Only when Paris fashion week winds down—and the exodus of editors, photo bloggers, and pretty young things is nearly complete—does an e-mail arrive from the Azzedine Alaïa press office informing those who remain about a series of intimate presentations to showcase the latest collection. Inviting a small number of media and friends (spotted: Jean-Paul Goude) to the showroom while buyers place their orders has become the unofficial protocol chez Alaïa, and it works because you can touch and feel the collection with the same unhurried focus as, say, Ken Downing from Neiman Marcus, who seemed noticeably impressed with some of the new techniques Monsieur Alaïa introduced for Fall.
This is the first collection to follow the Alaïa retrospective that recently ran its course at the reopened Palais Galliera in Paris.

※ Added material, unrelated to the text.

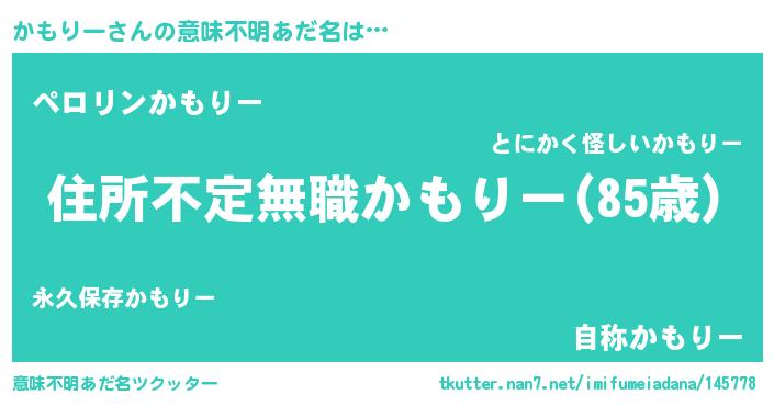 | 男性向けラノベタイトル風あだ名 | 『この素晴らしい世界にかもりーを!』 |

Was there a correlation between that survey of his career and the openwork polka-dot dresses or double-face gabardine coats? Hard to say without word from the designer. But one look at the construction of a stunning cape-backed bolero, or some of the knit patterning, and you sensed a certain engineering imperative—that he set out to push himself a bit further this time around.
To be sure, nothing was radically different. Mainly, Alaïa stuck to subtle silhouette updates, offering a roomier V-neck jumper and adding a rectangular fringe—occasionally knotted—to the edge of his skirts to give them a fresh swish in place of his typical flounce. A technique he dubbed “Religieuse” combined larger organ pleats with interior accordion pleats, and on a floor-grazing skirt or a truncated cape, the result was something akin to seeing Sister in the corner office. Indeed, with the recurrence of all those starched white poplin shirts, Alaïa further confirmed how his view of femininity has shifted since his heyday of cleavage-bearing necklines.
However, that’s not to suggest he’s repressed the sexiness: Witness the jagged booties, cut like leather spikes, and bicolor biker gloves. Body-skimming dresses benefitted from body-contouring jacquards so that waists seemed corseted by knit striping. If anything, he simply determined that the cues need not be as obvious. There were a few other dramatic—or better, dynamic—additions this season, namely the calf-hair pieces that had been striped with a slick lacquer and a grouping of wool suits in champagne and teal covered in a tonal coiled pattern. Metallic yarn reappeared this season, this time as a pixelated pattern and as a larger amorphous one. He also revisited the dimensional lantern-effect knits, in one example applying the dimensional technique around the bust of a cropped jacket that closed the show. The workmanship on these final looks was so deceivingly complex that it qualified as couture.
And that’s the thing about Alaïa, the couturier-architect whose clothes are so seriously and rigorously crafted that he can’t help but be diametrically less serious about everything else. Regulars to these intimate rendezvous would not have been surprised by the nostalgic, bossa-nova-style hits “Mambo Italiano” and “Quando Quando Quando” that accompanied the show. Swishy music for studied fashion: Sounds dreamy, doesn’t it?